Post written by
Ido Safruti
Ido Safruti is the founder and CTO at PerimeterX, a provider of behavior-based threat protection for the web, cloud and mobile.
Malicious bots are likely visiting your website. The question is, can you identify them in order to single them out and mitigate their attempts to steal data and hijack user IDs?
Here’s the truth. We live in the era of unavoidable bots. As Kleiner Perkins researcher Mary Meeker highlighted in her May 2017 internet trends report (via Recode), bot traffic on the web surpassed traffic generated by humans in 2016. Everyone operating a website is dealing with bots. Some of them, like a Google crawler, are welcomed, and some are insidious bots that want to execute account takeover attacks, steal customer credit cards and illegally empty gift card balances. The real trick is knowing the difference between good bots, bad bots and humans. Determining what is a good bot is pretty easy; they usually announce themselves and their intentions. That means understanding the difference between a dangerous bot and a normal human user is where the challenge lies.
Fortunately, bots behave differently than humans. That’s even true when a bot has taken over a browser and is piggybacking on a human user. What’s more, you don’t need to be a rockstar data scientist to recognize signals and anomalies that are likely caused by a wave of malicious bots.
Here are five simple indicators that your site may be besieged by evil bots:
1. An Increase In The Percentage Of Failed Login Attempts
Bots are frequently used for ATO attacks, where a botnet will attempt to take control of your users’ accounts by testing user-password combinations leaked from other sites. In this type of attack, botnets may attempt to validate millions of accounts per day. This activity tends to generate a boatload of failed login attempts, which is a classic sign of a bot attack. Analytics tools like Google Analytics and your access logs can easily generate reports that show an increase in the number of failed login attempts over time or visualize spikes in activity.

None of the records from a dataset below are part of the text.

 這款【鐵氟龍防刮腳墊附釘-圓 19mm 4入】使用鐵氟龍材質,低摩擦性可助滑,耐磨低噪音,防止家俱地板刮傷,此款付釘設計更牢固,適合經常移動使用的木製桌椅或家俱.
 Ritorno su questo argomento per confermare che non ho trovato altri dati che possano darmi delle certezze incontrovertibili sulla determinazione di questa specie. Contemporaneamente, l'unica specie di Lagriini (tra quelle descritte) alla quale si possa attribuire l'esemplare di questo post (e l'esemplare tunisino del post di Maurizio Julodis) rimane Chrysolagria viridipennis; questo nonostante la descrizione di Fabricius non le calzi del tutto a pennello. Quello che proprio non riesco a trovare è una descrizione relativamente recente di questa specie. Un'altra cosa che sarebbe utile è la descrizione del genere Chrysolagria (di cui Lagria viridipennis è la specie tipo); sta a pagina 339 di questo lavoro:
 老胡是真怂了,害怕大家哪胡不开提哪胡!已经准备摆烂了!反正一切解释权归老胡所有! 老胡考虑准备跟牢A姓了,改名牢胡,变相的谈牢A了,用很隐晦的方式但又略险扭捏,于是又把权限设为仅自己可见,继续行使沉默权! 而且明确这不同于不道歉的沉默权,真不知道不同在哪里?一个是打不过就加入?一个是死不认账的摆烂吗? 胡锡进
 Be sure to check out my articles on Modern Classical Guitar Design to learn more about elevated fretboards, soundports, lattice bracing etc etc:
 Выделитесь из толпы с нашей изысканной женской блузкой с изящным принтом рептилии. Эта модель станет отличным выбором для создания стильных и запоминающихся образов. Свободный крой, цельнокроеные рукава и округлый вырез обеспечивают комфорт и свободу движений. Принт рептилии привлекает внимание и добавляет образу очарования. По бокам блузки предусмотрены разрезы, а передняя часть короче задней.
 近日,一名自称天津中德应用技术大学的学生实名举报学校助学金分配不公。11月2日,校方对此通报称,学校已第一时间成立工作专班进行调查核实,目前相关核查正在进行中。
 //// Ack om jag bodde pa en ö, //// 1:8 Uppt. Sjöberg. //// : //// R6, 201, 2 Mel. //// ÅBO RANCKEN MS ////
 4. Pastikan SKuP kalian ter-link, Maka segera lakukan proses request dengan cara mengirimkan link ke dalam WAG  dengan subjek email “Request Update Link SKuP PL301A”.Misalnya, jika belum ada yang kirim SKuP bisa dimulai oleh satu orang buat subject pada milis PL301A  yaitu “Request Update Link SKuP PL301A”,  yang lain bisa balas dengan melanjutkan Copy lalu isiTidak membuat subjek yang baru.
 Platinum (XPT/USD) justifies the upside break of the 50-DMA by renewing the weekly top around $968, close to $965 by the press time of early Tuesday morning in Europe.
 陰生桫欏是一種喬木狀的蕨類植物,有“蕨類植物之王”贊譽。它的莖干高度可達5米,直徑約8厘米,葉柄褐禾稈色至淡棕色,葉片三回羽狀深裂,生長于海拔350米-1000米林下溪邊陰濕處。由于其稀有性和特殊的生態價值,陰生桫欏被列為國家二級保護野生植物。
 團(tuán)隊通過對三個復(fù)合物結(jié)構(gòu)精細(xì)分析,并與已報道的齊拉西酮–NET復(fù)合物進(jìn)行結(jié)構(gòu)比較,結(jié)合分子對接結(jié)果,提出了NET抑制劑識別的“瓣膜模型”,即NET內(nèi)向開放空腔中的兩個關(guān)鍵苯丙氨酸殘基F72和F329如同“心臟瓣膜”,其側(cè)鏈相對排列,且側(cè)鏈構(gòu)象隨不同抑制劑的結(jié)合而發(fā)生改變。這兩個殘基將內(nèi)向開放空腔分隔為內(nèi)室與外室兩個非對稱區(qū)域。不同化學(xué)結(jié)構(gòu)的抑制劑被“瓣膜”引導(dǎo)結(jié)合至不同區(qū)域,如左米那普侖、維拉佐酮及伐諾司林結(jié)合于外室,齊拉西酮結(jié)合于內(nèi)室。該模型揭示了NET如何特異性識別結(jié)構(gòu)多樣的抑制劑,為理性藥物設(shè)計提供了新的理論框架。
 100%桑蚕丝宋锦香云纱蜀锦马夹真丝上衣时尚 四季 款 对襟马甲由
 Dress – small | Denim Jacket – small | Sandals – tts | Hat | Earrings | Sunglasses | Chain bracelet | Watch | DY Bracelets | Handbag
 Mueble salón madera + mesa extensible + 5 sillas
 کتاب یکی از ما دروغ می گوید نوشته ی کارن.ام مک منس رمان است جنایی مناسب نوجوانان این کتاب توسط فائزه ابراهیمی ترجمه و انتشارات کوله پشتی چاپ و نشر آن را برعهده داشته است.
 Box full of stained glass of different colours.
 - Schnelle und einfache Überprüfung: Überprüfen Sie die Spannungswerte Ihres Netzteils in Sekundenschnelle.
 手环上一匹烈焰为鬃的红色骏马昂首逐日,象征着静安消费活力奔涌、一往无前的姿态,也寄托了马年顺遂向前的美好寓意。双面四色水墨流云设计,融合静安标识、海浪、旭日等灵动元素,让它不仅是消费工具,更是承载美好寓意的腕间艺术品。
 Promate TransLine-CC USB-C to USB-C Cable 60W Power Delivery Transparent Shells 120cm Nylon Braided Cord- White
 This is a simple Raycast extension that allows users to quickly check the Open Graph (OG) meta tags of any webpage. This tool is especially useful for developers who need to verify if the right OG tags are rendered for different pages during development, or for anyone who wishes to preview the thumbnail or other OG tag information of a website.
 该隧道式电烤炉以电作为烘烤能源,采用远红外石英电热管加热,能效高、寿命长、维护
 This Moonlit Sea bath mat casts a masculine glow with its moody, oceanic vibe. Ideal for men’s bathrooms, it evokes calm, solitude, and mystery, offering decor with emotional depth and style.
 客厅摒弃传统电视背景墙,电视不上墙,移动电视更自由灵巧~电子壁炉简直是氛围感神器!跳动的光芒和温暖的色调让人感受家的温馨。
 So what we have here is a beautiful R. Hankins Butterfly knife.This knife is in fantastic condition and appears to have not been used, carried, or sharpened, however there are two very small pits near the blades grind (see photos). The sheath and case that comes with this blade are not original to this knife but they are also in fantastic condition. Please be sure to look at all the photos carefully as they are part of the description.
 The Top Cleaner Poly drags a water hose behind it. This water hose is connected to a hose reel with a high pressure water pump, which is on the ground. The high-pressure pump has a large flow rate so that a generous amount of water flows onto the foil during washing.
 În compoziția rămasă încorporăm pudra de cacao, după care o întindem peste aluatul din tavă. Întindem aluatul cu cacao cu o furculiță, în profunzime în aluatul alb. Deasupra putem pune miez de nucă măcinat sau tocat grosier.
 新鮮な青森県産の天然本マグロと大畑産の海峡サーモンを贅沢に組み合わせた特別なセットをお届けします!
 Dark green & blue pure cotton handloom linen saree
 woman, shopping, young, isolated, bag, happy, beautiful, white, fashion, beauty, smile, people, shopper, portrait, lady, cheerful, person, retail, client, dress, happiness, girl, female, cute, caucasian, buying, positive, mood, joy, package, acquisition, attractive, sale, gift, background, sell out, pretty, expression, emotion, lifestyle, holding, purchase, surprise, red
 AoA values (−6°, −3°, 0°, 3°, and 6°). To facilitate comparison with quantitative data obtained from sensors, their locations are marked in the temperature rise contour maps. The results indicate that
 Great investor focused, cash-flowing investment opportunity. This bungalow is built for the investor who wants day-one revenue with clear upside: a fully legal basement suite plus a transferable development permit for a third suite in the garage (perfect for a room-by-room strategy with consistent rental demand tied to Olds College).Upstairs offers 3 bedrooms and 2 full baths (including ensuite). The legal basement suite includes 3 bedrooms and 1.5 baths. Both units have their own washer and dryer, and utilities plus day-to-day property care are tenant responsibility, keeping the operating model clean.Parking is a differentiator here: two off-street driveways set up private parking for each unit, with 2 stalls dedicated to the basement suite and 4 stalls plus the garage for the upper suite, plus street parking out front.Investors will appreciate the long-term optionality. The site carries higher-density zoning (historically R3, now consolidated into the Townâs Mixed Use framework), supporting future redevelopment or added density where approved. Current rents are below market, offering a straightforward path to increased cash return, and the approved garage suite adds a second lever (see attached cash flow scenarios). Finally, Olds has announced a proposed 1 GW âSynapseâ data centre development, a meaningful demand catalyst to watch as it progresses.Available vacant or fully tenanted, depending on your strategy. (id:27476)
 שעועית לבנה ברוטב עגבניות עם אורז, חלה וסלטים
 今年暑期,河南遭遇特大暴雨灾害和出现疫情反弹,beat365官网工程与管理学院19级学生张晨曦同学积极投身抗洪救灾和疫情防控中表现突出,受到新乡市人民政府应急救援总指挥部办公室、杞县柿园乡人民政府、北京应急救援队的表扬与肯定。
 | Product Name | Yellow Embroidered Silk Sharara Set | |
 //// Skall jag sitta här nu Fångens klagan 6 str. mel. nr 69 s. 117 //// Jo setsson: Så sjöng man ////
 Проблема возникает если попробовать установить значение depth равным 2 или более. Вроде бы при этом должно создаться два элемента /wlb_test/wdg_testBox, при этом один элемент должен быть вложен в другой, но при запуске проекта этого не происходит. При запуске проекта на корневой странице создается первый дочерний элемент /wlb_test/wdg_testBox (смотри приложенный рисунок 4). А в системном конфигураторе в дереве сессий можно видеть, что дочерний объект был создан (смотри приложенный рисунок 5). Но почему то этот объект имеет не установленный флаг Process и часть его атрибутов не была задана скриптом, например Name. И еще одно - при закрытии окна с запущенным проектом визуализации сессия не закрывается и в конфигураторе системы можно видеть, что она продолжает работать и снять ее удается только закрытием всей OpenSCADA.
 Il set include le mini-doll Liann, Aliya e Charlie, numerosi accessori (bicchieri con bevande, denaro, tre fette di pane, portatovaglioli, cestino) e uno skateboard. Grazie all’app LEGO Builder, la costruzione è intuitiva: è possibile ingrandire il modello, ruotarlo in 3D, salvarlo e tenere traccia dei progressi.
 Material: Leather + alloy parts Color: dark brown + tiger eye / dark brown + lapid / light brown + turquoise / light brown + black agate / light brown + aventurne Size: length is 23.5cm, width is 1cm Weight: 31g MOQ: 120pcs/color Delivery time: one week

2. A Big Increase In (Failed) Validation Of Gift Card Numbers
Another common target for fraudsters is stealing the value from legitimate gift cards. Gift card accounts are relatively easy targets. When attackers check the balance of a gift card and attempt to hijack it, companies do not request an account name, a billing address or any other personal identification information. This makes gift card accounts a perfect target for brute-force attacks that run through combinations quickly to look for valid pairs of card numbers and pin codes. Fraudsters use bots to execute these attacks. When an invalid pair is attempted, that generates a failed validation notification. If gift card validation failures suddenly trend up or spike, then you have a decent signal that the bots are trying to steal your customers’ gift card balances and resell the cards and pins on the dark web.